Further, a vertically projecting, generally tubular cowl-like
collar projects vertically from an upper surface of the fuel cell
adapter and protects the fuel cell stem from accidental contact
which might damage the stem's sealing surface, or more seriously,
may damage the stem itself. Another advantage of the collar is that
it cooperates with, and accommodates reciprocal movement of the
stem receiver block in defining a vertical stroke track for the
guiding the block during the fuel dispensing process. Unlike
previous stem receiver blocks made of plastic, the present block is
made of metal, preferably aluminum, which, when properly
configured, has been found to enhance tool performance at lower
temperatures, and also enhances the sealing relationship between
the block and the fuel cell stem.
It has been found that the metal stem receiver block allows for
increased vaporization/reduced condensation of the fuel. This is
important at lower ambient temperatures when flexible fuel
transport apparatus are used. In the case of conventional plastic
stem receiver blocks, the plastic typically has low thermal
conductivity and a relatively low thermal mass. If enough fuel is
allowed to vaporize in the stem receiver block, the block can
present a cold zone. If the cold zone becomes too cold, fuel flow
is limited, inhibiting tool performance.
Another feature of the present system is that the fuel cell has a
fuel cell adapter with a relatively large diameter flange. The
flange engages arms on the cylinder head, and thus the fuel cell is
suspended from the cylinder head, rather than resting on a floor in
the fuel cell chamber of the tool housing. This suspension of the
fuel cell results in a more consistent relationship between the
fuel cell and the corresponding tool actuator mechanism.

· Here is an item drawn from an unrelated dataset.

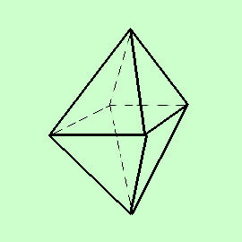 Consideriamo sempre come figura base il triangolo equilatero e facciamo confluire, nello spazio, quattro vertici di quattro triangoli equilateri in un angoloide: l'angoloide misurera' quindi 240°; i lati non in comune formeranno un poligono di 4 lati: se su ognuno di questi 4 lati poniamo un triangolo equilatero il solido si chiudera' ed otterremo un poliedro con 8 triangoli equilateri come facce e con 6 angolidi di 240° l'Ottaedro regolare L'ottaedro regolare ha: 8 facce formate da triangoli equilateri congruenti 12 lati congruenti 6 angoloidi di 240° congruenti |

More specifically, a fuel delivery system is provided for use with
a combustion nailer including a cylinder head frame. The delivery
system includes a fuel cell with an outer shell having a closed
lower end and an open upper end, a closure crimped over the upper
end and defining an opening for accommodating a reciprocating valve
stem, a fuel cell adapter frictionally engaging the closure and
including a flange configured for suspending the fuel cell in the
fuel cell chamber. A stem receiver block is connectable to the
cylinder head frame and includes a stem engagement portion
configured for directly and sealingly engaging an end of the valve
stem, the stem engagement portion being in fluid communication with
an internal receiver passage constructed and arranged for
delivering fuel to the combustion chamber.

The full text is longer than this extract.